This discussion has been archived. No new comments can be posted.

Cloth Successfully Separates Oil From Gulf Water

Comments Filter:
  • Awesome (Score:2, Funny)

    by Pojut ( 1027544 )

    Now how about we figure out a way to clean up the marshes that got fucked with an oil-slicked spiked baseball bat?

    • Re: (Score:2, Insightful)

      by Gothmolly ( 148874 )

      You're right - because someone came up with an elegant, no-moving-parts, no-training-needed design to clean the seawater, but it doesn't clean up the marshlands, it's useless.

      • by Pojut ( 1027544 )

        There are plenty of methods out there that work in open water. There are practically zero methods that work in marshland.

        Just sayin'.

  • by alfredos ( 1694270 ) on Tuesday June 08, 2010 @02:27PM (#32499720)
    ...Unfortunately there will be a next time.
    • The easy oil is gone, they're having to drill in 5000 feet of water now, so of course there will be a next time.
       

    • by blair1q ( 305137 )

      There doesn't have to be.

      What happened here was the result of shoddy implementation of known technology to prevent the sort of surge that induced the explosion.

      After that, it became a tragedy of absent foresight in the technology of what to do if all you have is a pipe sticking out of the sea floor.

      There are a finite number of things involved, and they have a finite number of failure mechanisms, all of which can likely be controlled for. If you can prove they can't, rather than claiming it or just implying

  • by gyrogeerloose ( 849181 ) on Tuesday June 08, 2010 @02:28PM (#32499740) Journal

    Doing it on a massive scale in the Gulf of Mexico is something else entirely.

    While this might prove useful in future spills, it would seem to me to be very unlikely that it could be brought up to scale fast enough to help with the current problem

    • by pianoman113 ( 204449 ) on Tuesday June 08, 2010 @02:41PM (#32499988) Homepage

      9 years ago, a great deal of military technology went from lab to massive scale rather quickly for new bombs to wreak havoc in cave strongholds. Why is BP or some other interested party with deep pockets unable to do the same here?

      We have an existing crisis and a potential solution. Somebody pony up the cash and start producing this. Its a risk, but if effective there is a great deal of profit to be made in the event of another oil spill.

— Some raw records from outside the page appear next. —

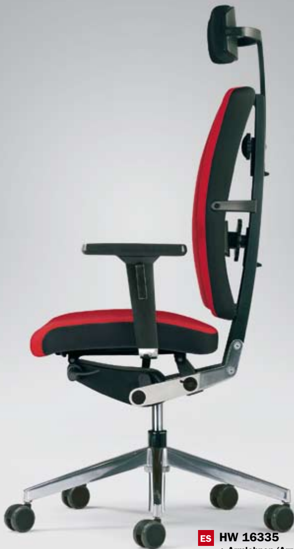
ES HW 16335 + Armlehnen/Armrests 397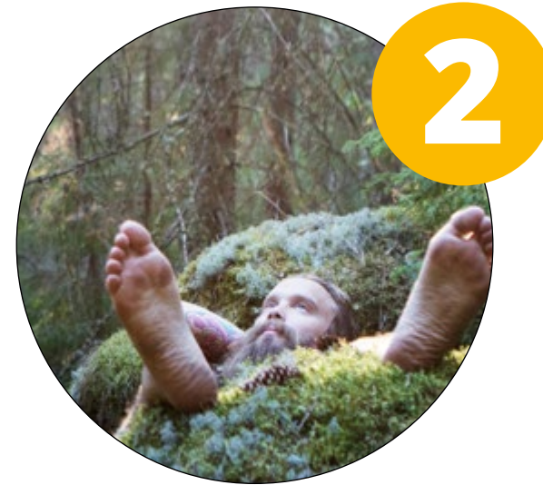
Sinnesro & friskvård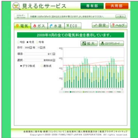
(専有部) グラフ:表示例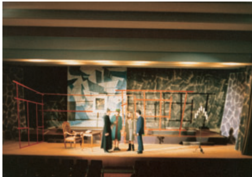
Theaterfoto Carl Zuckmayer "Der Gesang im Feuerofen", 1966 Bühnenbild Hansueli Urwyler, Aula Interlaken

      Calling any entrepreneurs...

      • by Pojut ( 1027544 )

        9 years ago, a great deal of military technology went from lab to massive scale rather quickly for new bombs to wreak havoc in cave strongholds. Why is BP or some other interested party with deep pockets unable to do the same here?

        There is more profit to be made in destruction than salvation.

        Now that I'm doing being an ass, I completely agree with you. If something like this does work as well as they say it is, there's no reason to not implement it into the cleanup strategy asap.

        • There is more profit to be made in destruction than salvation.

          More like it's easier to rape than to build. Not more profitable, just quicker and easier.

          Building something good takes time, effort, and know-how, but over the long-term it's much more profitable for everyone involved. The problem is that you have a bunch of MBAs with grand business theories (but who don't necessarily know what they're doing) trying to optimize profit for *this quarter*.

      • by schon ( 31600 ) on Tuesday June 08, 2010 @03:11PM (#32500472)

        a great deal of military technology went from lab to massive scale rather quickly for new bombs to wreak havoc in cave strongholds. Why is BP or some other interested party with deep pockets unable to do the same here?

        Because there's no money in cleaning it up, and a lot of expense.

        We have an existing crisis and a potential solution. Somebody pony up the cash and start producing this. Its a risk, but if effective there is a great deal of profit to be made in the event of another oil spill.

        Therein lies the problem. BP estimated the likelihood of the current spill as "so close to zero that it doesn't matter". Ask any oil company what the chances are of another spill, and you'll get "so close to zero that it doesn't matter." So why should they spend all this money on something that will never happen?

        Environmental issues are externalities - and it would be socialism to force companies to deal with externalities. After all, we're all responsible for the Gulf spill, because of our demand for oil. And anyway, if you tried to enact a law, they would just shut down and open up under a different name. Let the invisible market fairy handle this, she will make it all go away!

      • 9 years ago, a great deal of military technology went from lab to massive scale rather quickly for new bombs to wreak havoc in cave strongholds. Why is BP or some other interested party with deep pockets unable to do the same here?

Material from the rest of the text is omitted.